Packages of clothing sent from Palestine to refugees in the Soviet Union and liberated territories, 1943

Packages of clothing sent from Palestine to refugees in the Soviet Union and liberated territories, 1943

Growing up I had always heard about “The Joint,” but did not know exactly how the organization had helped my family.  As the senior curator of the Temple Emanu-El Museum in New York, I knew that many of JDC’s early founders had been congregants of the historic temple. As I continued to find documents with a JDC connection in my professional life, my curiosity was piqued. What was my personal connection to the humanitarian aid organization? Had the Joint really had a hand in shaping the fate of my family?

I decided to search the JDC Names Database for my mother’s Chabad-Lubavitch family who were originally from Ukraine but fled to Uzbekistan as refugees. I was astonished to find the name of Chana Reva Gurevitz. My maternal grandmother’s name on the 1943-1945 document indicated that she, along with 6,556 other refugees, received JDC parcels in the Soviet Union and the liberated territories. The packages, which included tea, soap, essential clothing, blanket and medicine, were facilitated by the Joint and sponsored by an aunt living in the U.S. This record indicated that the family was at the time living in Samarkand, Uzbekistan’s second largest city.

In 1938-1939, my grandfather Rabbi Zemach Gurevitz was arrested for religious activity and sentenced to a labor camp in Siberia, with the official charge being that he was an alleged spy for the British. When the war began in 1941 my grandmother Reva, was evacuated from her home city to Samarkand under harrowing circumstances, as a single mother with three children. In 1943, Zemach managed to escape from Siberia and reunite with the family in Samarkand. My mother Sara was born in 1944.

When I continued to peruse the JDC document (pictured, below), I found names and addresses of additional relatives in Samarkand.

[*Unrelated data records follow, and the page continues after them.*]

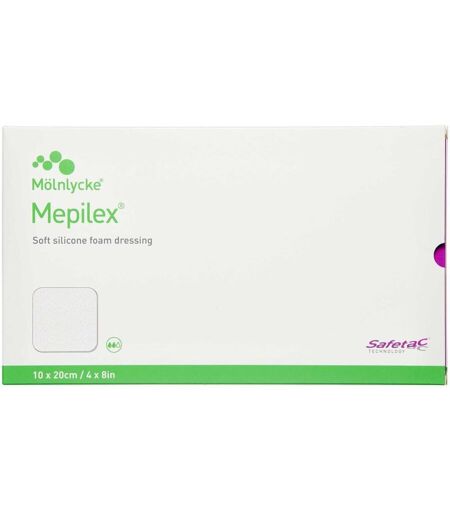 Mepilex er en meget formbar bandage, der absorberer væske, opretholder et fugtigt sårhelingsmiljø og minimerer risikoen for maceration. Bandagen har et safetac sårkontaktlag, som er en unik klæbeteknologi. Det minimerer smerte hos patienter og traume på såret og den omkringliggende hud ved bandageskift. Bemærkning Må ikke anvendes på patienter med kendt overfølsomhed over for bandagen eller dens materialer.Må ikke bruges sammen med oxiderende midler som f.eks. hypochloritopløsninger eller hydrogenperoxid.Hvis der iagttages tegn på klinisk infektion, f.eks. feber eller hvis såret eller det omkringliggende hudområde bliver rødt, varmt eller hævet, skal du kontakte sundhedsfagligt personale vedrørende passende behandling.Produktet må ikke genanvendes. Hvis det genanvendes, kan det komme til at fungere dårligere, og der kan forekomme krydskontaminering.Steril. Må ikke anvendes, hvis den sterile barriere er beskadiget eller har været åbnet før anvendelse. Må ikke steriliseres igen. Dosis og Anvendelse Rens såret i henhold til de kliniske retningslinjer.Tør den omkringliggende hud grundigt.Vælg en passende bandagestørrelse. Mepilex skal overlappe den tørre, omkringliggende hud med mindst 1-2 cm, når der benyttes mindre størrelser og 3-5 cm, når der benyttes større størrelser. Dette for at beskytte den omkringliggende hud mod maceration og for at fiksere bandagen på sikker vis. Mepilex kan klippes til efter behov, så den passer til forskellige sårformer, sårstørrelser og sårplaceringer.Fjern den første beskyttelsesfilm, og applicer bandagen med den klæbende side mod såret.Fjern den resterende beskyttelsesfilm, og udglat bandagen mod huden. Stræk ikke bandagen.Hvor det er nødvendigt, kan Mepilex fikseres med en bandage eller anden fiksering.Intervallet for bandageskift kan vare flere dage. Skift bandagen, inden den er helt mættet, ved tegn på lækage eller i henhold til klinisk praksis. ...
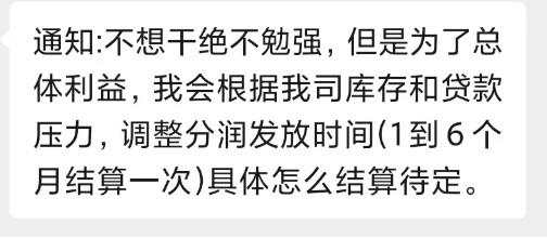 有代理商收到上級(jí)通知:不想干絕不勉強(qiáng),但是為了總體利益,我會(huì)根據(jù)我司庫存和貸款壓力,調(diào)整分潤發(fā)放時(shí)間(1-6個(gè)月結(jié)算一次)具體怎么結(jié)算待定。
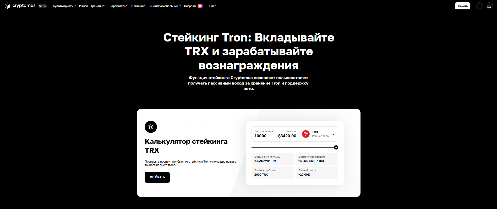 Platforms advertise higher rates by combining custodial convenience with on-chain delegation. Cryptomus markets up to ~20% APR by staking users’ TRX (you can even choose a validator—default often shown as BinanceStaking). In practice, reaching 20% usually requires meeting conditions such as locking TRX for ≥365 days, choosing an optimal validator, avoiding early withdrawals, etc. Maximum rates assume long lockups and strict settings.
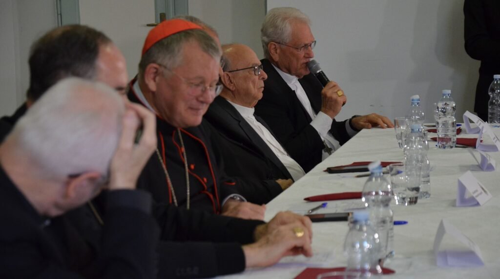 “Eu participei de dois conclaves e posso dizer: esqueçam o filme”, afirmou dom Odilo, em referência ao recente longa-metragem Conclave, estrelado por Ralph Fiennes e Stanley Tucci. “É muita oração, e só depois votação”, disse o arcebispo de São Paulo, confirmando o que dom Jaime havia dito na abertura da coletiva ao dizer que “rezamos muito e intensamente” durante a escolha do novo papa. “Na procissão entre a Capela Paulina e a Capela Sistina, fomos cantando a ladainha dos santos; isso nos recordou que não estávamos sozinhos ali, estávamos acompanhados por uma multidão. Isso toca quem participa de algo assim pela primeira vez”, acrescentou dom Leonardo. Dom Raymundo ainda disse que os cardeais mais velhos, não eleitores, também se uniram em oração pelos colegas que estavam no conclave.
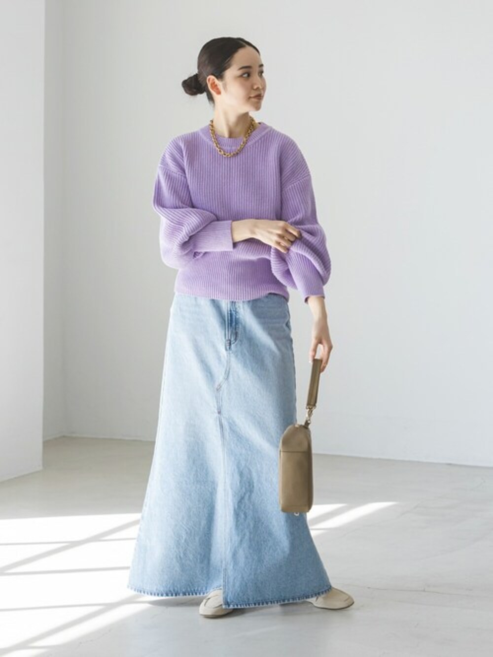 ★11/30より24SSご予約スタート! 【片畦バックオープンニット】 春らしいパープルカラーが目を惹く片畦ニット。 ブリーチされた薄色デニムスカートと合わせてとことん春らしくコーディネート。 ワイドなシルエットが大人っぽく、ちらりと肌が見えるバックスタイルにもドキリ♡ バッグとシューズはベージュ系で合わせて統一感をプラス。 ※スカート・シューズは今後入荷予定の24SS新作商品です。 ●年齢:20代前半 ●身長:160cm ●体型:普通(二の腕気になる) ●普段サイズ:36サイズ ●パーソナルカラー:ブルベ ●個人インスタ→@nb_eguchi

The document helped me to piece the story together with incredible detail, I discovered that my grandmother’s family was living near her mother, aunt and uncle, a detail I had never known.  This document helped bring to life a quiet detail of the war-time conditions, the strength of the community and the small acts of heroism that helped my family survive and ultimately thrive.

Chana Reva (spelled Riva) Gurevitz is listed on the list of beneficiaries of JDC’s free parcel service in the Soviet Union, 1943-1945

Chana Reva (spelled Riva) Gurevitz is listed on the list of beneficiaries of JDC’s free parcel service in the Soviet Union, 1943-1945

Zemach and Reva and their four children, including my newborn mother, went to Germany after the war where they lived in the Schwäbisch Hall Displaced Persons (DP) camp for 8 months, one of the many DP camps where JDC supported medical facilities, schools, synagogues, and cultural activities. They were then sent to a town outside of Paris, where the private Chateau of the Eiffel family was retrofitted as a DP camp. Here the Chabad families, having escaped together, lived side by side, and my mother  Sara, then 3, lived in the same house as my father’s family. My mother’s family then moved to Cuba and eventually set sail for Brooklyn in 1950, thus ending the family’s refugee saga.

This JDC record illustrates one small part of my family’s dramatic journey. Every surviving family has remarkable stories of chance encounters which helped save them along the way, and one of ours was with the family’s assistance from  “the Joint.” The archives are a tremendous resource — not only as a resource for historical records but as testimony to the importance of engagement in times of distress, as well as the long-reaching legacy of communal commitment.

This story has been shared with permission from Elka Deitsch. Ms. Deitsch is a member of the JDC Archives Committee.